6.1. Datasets and preprocessing

6.1.1. Downloading data

All datasets used in this study are publicly available (Table 2). The PBMC10k datasets (scATAC-seq, scRNA-seq, and Multiome) were downloaded from the 10X Genomics website. (Link to scATAC-seq scRNA-seq, Multiome). The fragment files for the hematopoietic cells dataset [8] were downloaded from GEO with accession number GSE129785. Processed data object with cell barcodes, called peak set, and cell type annotations (scATAC_Heme_All_SummarizedExperiment.final.rds) was downloaded from github (https://github.com/GreenleafLab/10x-scATAC-2019). The fragment files and processed data objects with cell barcodes, called peak set, and cell type annotations for K562 SpearATAC dataset [33] were downloaded from GEO with accession number GSE168851. The fragment files for LNCaP dataset [34] were downloaded from GEO with accession number GSE168667. The fragment files for PBMC10k scTurboATAC dataset [24] were downloaded from GEO with accession number GSE235506.

Table 2:

Summary of datasets used.

Dataset Assay Citation Accession # cells # features
PBMC10k scATAC-seq 10X Genomics 10X website 10,246 191,833
PBMC10k scRNA-seq 10X Genomics 10X website 11,922 22,302
PBMC10k Multiome 10X Genomics 10X website 9,829 160,216
PBMC10k scTurboATAC Seufert et al. [24] GSE235506 8,128 243,114
Hematopoietic cells scATAC-seq Satpathy et al. [8] GSE129785 63,882 571,400
LNCaP scATAC-seq Taavitsainen et al. [34] GSE168667 4,436 112,049
K562 SpearATAC Pierce et al. [33] GSE168851 32,832 277,112

6.1.2. Peak calling and generating PIC matrices for scATAC-seq data

We used the R package ‘PICsnATAC’ v(1.0.0) 4] to generate PIC matrices. The PIC_counting() function requires 3 inputs: 1) fragment file, 2) cell barcodes, and 3) peak set. For datasets with uniform-length peak sets available (hematopoietic cells dataset and K562 SpearATAC dataset), the called peak set and cell barcodes were directly used as input along with the downloaded fragment files. For datasets with non-uniform-length peak sets or no peak set available, we obtained cell barcodes and peak set by running the default ArchR (v1.0.3)[7] pipeline with the downloaded fragment files as input. For the reference genome, we followed the version that was used to produce the fragment files (Table 3). We filtered cells using default parameters for (min TSS = 4; minFrags = 1000). We then called 500 bp peaks using the addReproduciblePeakSet() function with MACS2 as the backend. The resulting cell barcodes and peak set were used as input to generate PIC matrices.

Table 3:

Reference genome version used for each scATAC-seq dataset.

Dataset Genome
PBMC10k scATAC-seq hg38
PBMC10k Multiome hg38
Hematopoietic cells hg19
PBMC10k scTurboATAC hg38
LNCaP hg38
K562 hg38

6.2. GC-content normalisation

6.2.1. GC-content retrieval

We used the Bioconductor R package Biostrings (v2.70.3) [35] to retrieve the GC-content of every peak region, using the reference genome of the relevant dataset. Table 3 provides the genome version used for each dataset.

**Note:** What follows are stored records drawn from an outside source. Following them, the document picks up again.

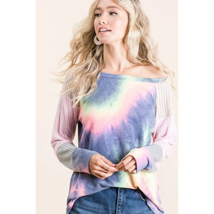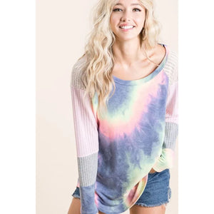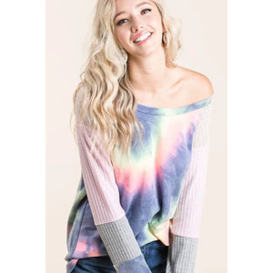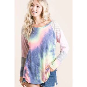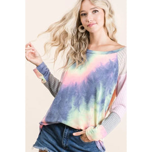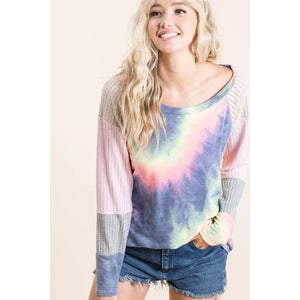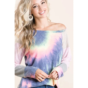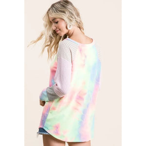 BiBi Tie Dye Terry Top With Color Block Pointelle Knit
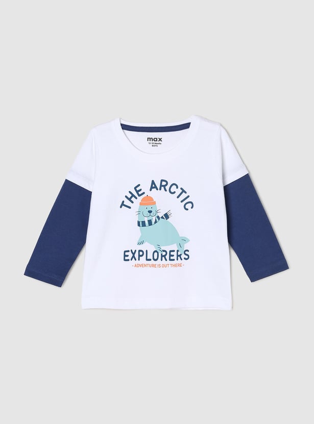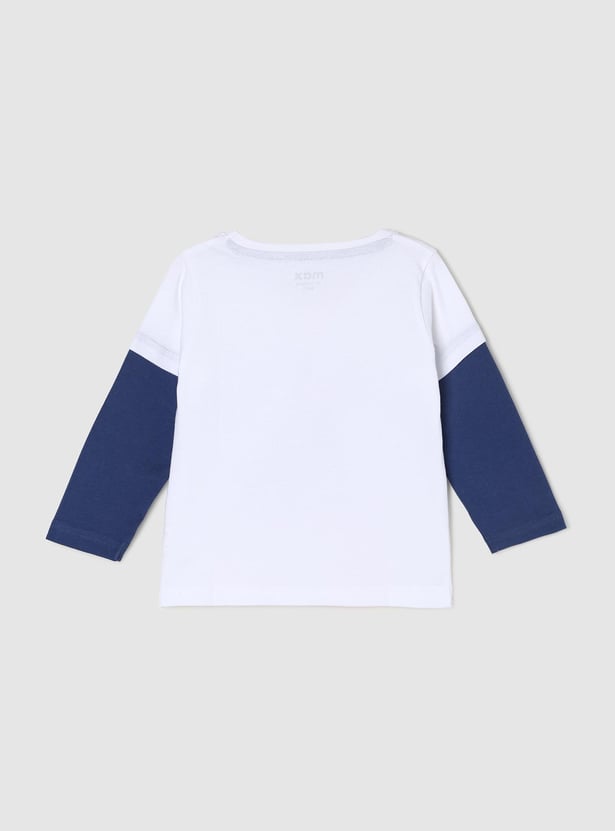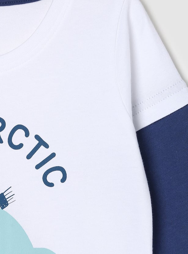 Update his winter wardrobe with this T-shirt featuring a crew neckline, double sleeves in a colourblock design, and a graphic print on the front.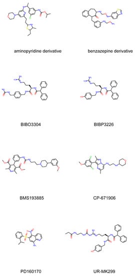 Apart from peptide-related compounds, few small molecular weight organic compounds were also reported in the literature. Besides BIBP-3226, which was the first selective neuropeptide Y1 receptor (NPY Y1R) antagonist found in 1996 [36]. Some of the proposed compounds were based on: benzazapine nuclei [37], phenoxyquinlines [38], substituted alkoxy-aminopyridine groups [39], pyrazolo-pyrimidines fragments [40] and pyridinedicarboxylic acid derivatives such as BMS-193885 [41], on carbamoylation of argininamide moities such as UR-MK299 [42]. Recently, the two last antagonists, namely UR-MK299 and BMS-193885 were used in the X-ray study presenting the 3D structure of the NPY Y1R in complex with these molecules. Figure 13 lists and presents the chemical formulas of these compounds.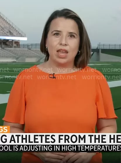 on CBS Mornings on CBS was spotted wearing this orange top on CBS Mornings on Aug 25 2023's episode. 's Top is the Mixed Media Angel Sleeve Top in Summer Orange by Ann Taylor .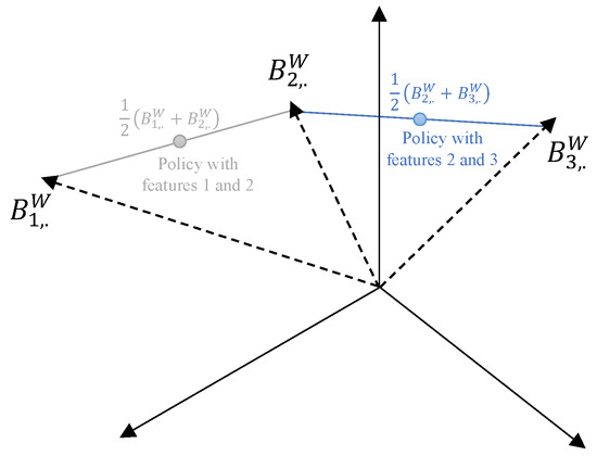 Since each modality b = 1 , , m is represented by its corresponding row r = 1 , , m in B W , that is, by a vector in R m , each policy can be projected in Burt space by taking the center of gravity D i , . B W / q of its modalities in D i , . , whose Burt coordinates are stored in the corresponding rows of B W . This is illustrated in Figure 1 in the case of three modalities.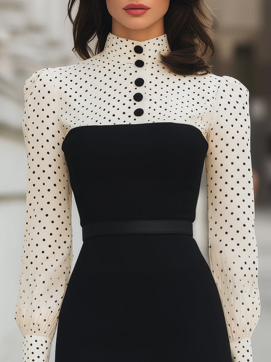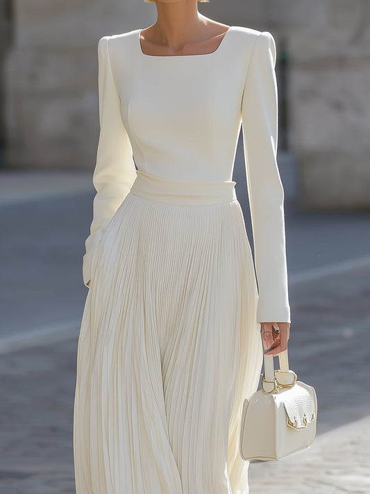 Ivory Long-Sleeve Dress With Pleated Midi Skirt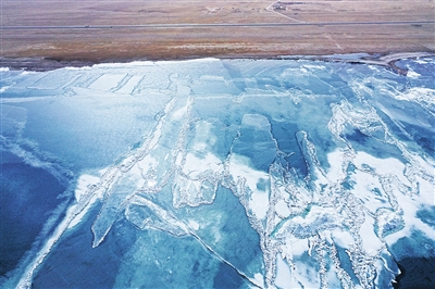 由于近期环湖周边气温升高、风速增大,加速湖面解冻,今年青海湖出现解冻迹象较上年提前17天。新华社 发

6.2.2. Normalisation methods

We adapted code from Van den Berge et al. [18] to test bulk ATAC-seq normalisation methods on scATAC-seq data. We tested 2 GC-aware methods that performed well in their benchmark: GC-full-quantile normalisation (GC-FQ) and smooth GC-FQ normalisation. Briefly, they are both based on full-quantile normalisation, which features 1) sorting the counts for each cell, 2) replacing all elements of each feature with its median, then 3) unsorting each cell. For more details on these methods, please see Van den Berge et al. [18. As they are designed for bulk ATAC-seq data, running them on single-cell datasets is highly memory intensive. Therefore, for testing these methods we subset the hematopoietic cells dataset to only include 5 cell types (monocytes, B cells, CD8+ memory T cells, CD8+ naive T cells, natural killer cells) according to original annotations.

6.3. Simulation

Our simulation relies on varying the parameters from the hierarchical model in Section 3.3. There are 4 parameters needed to simulate data: 1) observation probability pi, 2) proportion of open cells πj, 3) background rate λjc, and 4) signal-to-noise ratio sj. In our simulations, we estimated pi from the hematopoietic cells dataset to represent the sequencing depth variation between cells in real data. πj,λjc,sj were either varied as hyperparameters for simulations shown in Fig. 4 or estimated from the hematopoietic cells dataset for simulations shown in Fig. 5. Below we show how parameters were estimated from data.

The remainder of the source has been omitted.